━━ TASK MATERIAL ━━
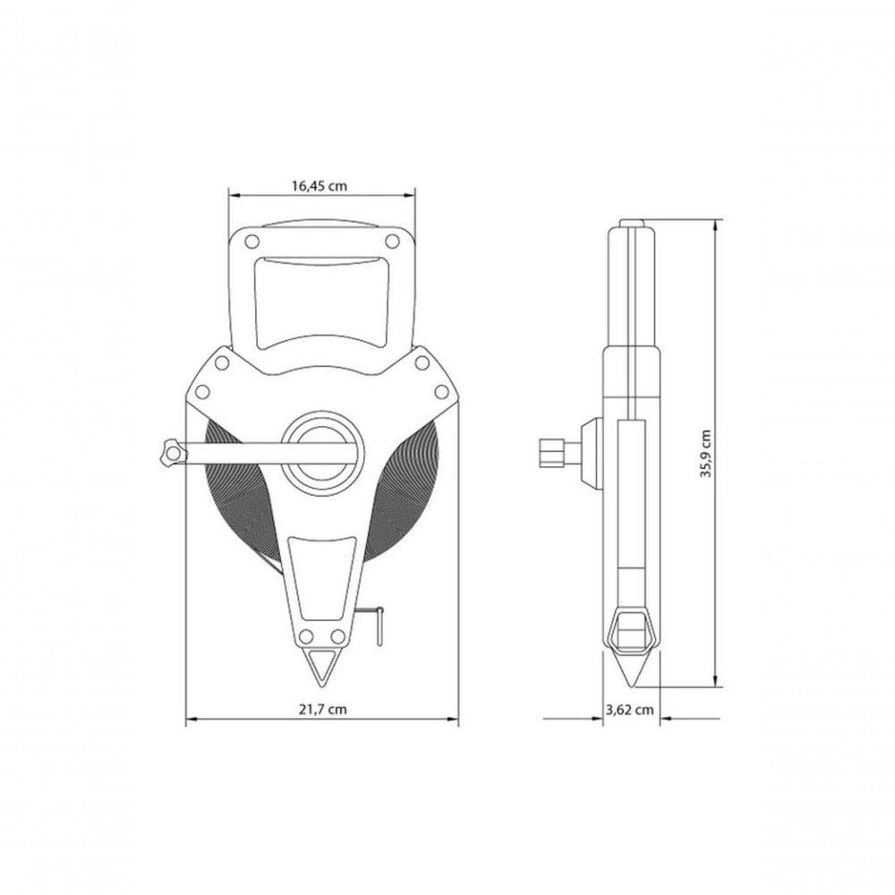Trena Tramontina Master Em Fibra De Vidro Com Corpo Em Abs 50 MA Trena Tramontina MASTER em Fibra de Vidro com Corpo em ABS 50 m é perfeita para quem necessita de uma ferramenta para longas distâncias. Para quem trabalha em topografia, perícias e na construção de grandes empreendimentos, a trena é indispensável por ser produzida em fibra de vidro evitando a condução de eletricidade e garantindo mais . Você terá mais leveza podendo carregá-la para qualquer lugar, além de ser resistente à corrosão devido ao corpo feito em ABS. A empunhadura emborrachada garante mais conforto no manuseio, assim como, mais facilidade na hora da limpeza da fita. Qualidade é com a Tramontina!Recomendações de Uso:Modo de Uso: Use óculos, luvas e outros equipamentos de proteção de acordo com a tarefa a ser executada. Mantenha a ferramenta sempre limpa para um melhor agarre, pois usá-la suja com graxa ou óleo pode causar acidentes. Armazene em limpo e seco.- Foto meramente ilustrativa.Informações Adicionais:- Fita em fibra de vidro;- Corpo em ABS injetado;- Ponta para fixação no solo;- Empunhadura emborrachada;- As ferramentas são produzidas e testadas conforme normas específicas;- As ferramentas são submetidas a testes de aplicação prática para garantir sua resistência em uso intenso;- Todas as ferramentas de medição são inspecionadas e verificadas para manter um alto nível de precisão.
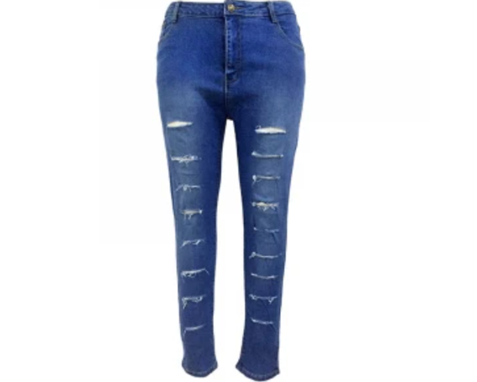 Factory Price Women's Slim Fit Plus Size Jeans Pants Fashion Blue Ripped Hole Tassel Stretch Jeans Trousers for Daily Life Style
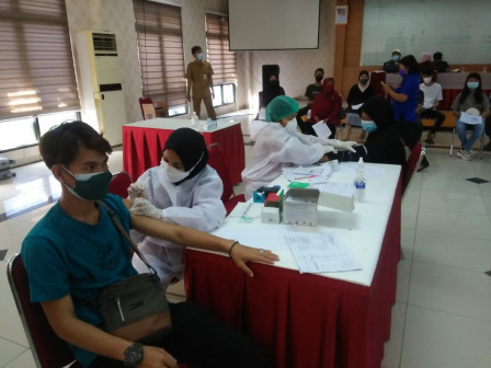 JAKARTA – Sebanyak 100 warga menikmati layanan vaksinasi mobil keliling di aula kantor Kecamatan Ciracas, Jakarta Timur, Senin (12/7). Layanan ini digelar hasil kerja sama pemprov dengan Kamar Dagang Industri (Kadin) DKI Jakarta.
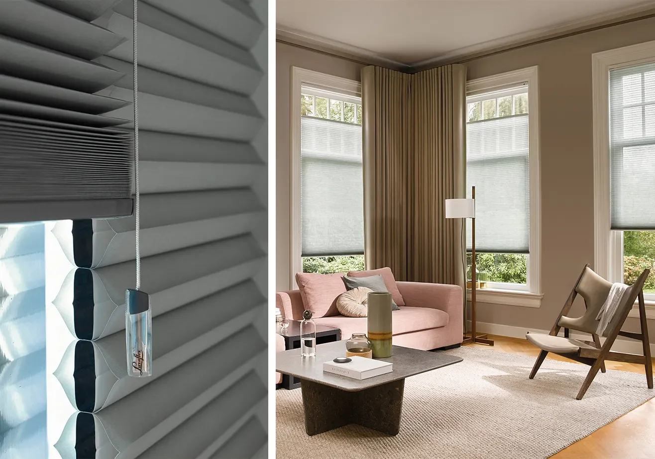 • Luxaflex Duette® Shades hebben een unieke honingraatstructuur die lucht insluit, waardoor je ramen een isolerende laag krijgen. Dit kan de warmte binnenhouden en de kou buiten.
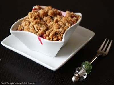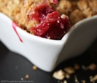 - Cover cherries with crisp topping, dividing it evenly between the four ramekins.
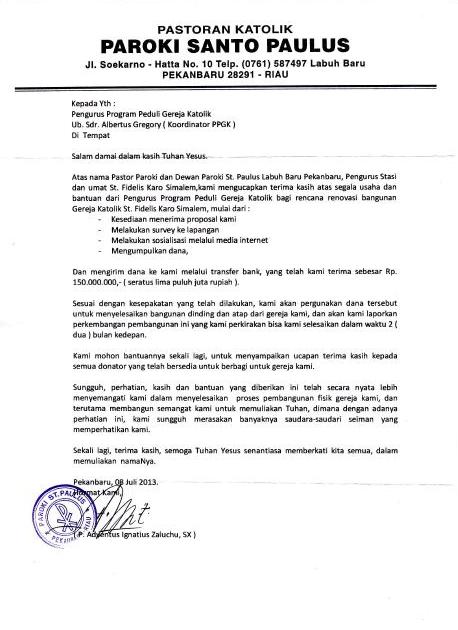 Surat Resmi Ucapan Terima Kasih Penerimaan Bantuan dari Paroki Labuh Baru, Pekanbaru |
━━━
• AIM OF THE EXERCISE: Output, exactly as written, only the lines from the beginning of the listing through the line containing "JAKARTA – Sebanyak", both included, and no pictures.

• RESULT FOR THIS TASK:
Trena Tramontina Master Em Fibra De Vidro Com Corpo Em Abs 50 MA Trena Tramontina MASTER em Fibra de Vidro com Corpo em ABS 50 m é perfeita para quem necessita de uma ferramenta para longas distâncias. Para quem trabalha em topografia, perícias e na construção de grandes empreendimentos, a trena é indispensável por ser produzida em fibra de vidro evitando a condução de eletricidade e garantindo mais . Você terá mais leveza podendo carregá-la para qualquer lugar, além de ser resistente à corrosão devido ao corpo feito em ABS. A empunhadura emborrachada garante mais conforto no manuseio, assim como, mais facilidade na hora da limpeza da fita. Qualidade é com a Tramontina!Recomendações de Uso:Modo de Uso: Use óculos, luvas e outros equipamentos de proteção de acordo com a tarefa a ser executada. Mantenha a ferramenta sempre limpa para um melhor agarre, pois usá-la suja com graxa ou óleo pode causar acidentes. Armazene em limpo e seco.- Foto meramente ilustrativa.Informações Adicionais:- Fita em fibra de vidro;- Corpo em ABS injetado;- Ponta para fixação no solo;- Empunhadura emborrachada;- As ferramentas são produzidas e testadas conforme normas específicas;- As ferramentas são submetidas a testes de aplicação prática para garantir sua resistência em uso intenso;- Todas as ferramentas de medição são inspecionadas e verificadas para manter um alto nível de precisão.
 Factory Price Women's Slim Fit Plus Size Jeans Pants Fashion Blue Ripped Hole Tassel Stretch Jeans Trousers for Daily Life Style
 JAKARTA – Sebanyak 100 warga menikmati layanan vaksinasi mobil keliling di aula kantor Kecamatan Ciracas, Jakarta Timur, Senin (12/7). Layanan ini digelar hasil kerja sama pemprov dengan Kamar Dagang Industri (Kadin) DKI Jakarta.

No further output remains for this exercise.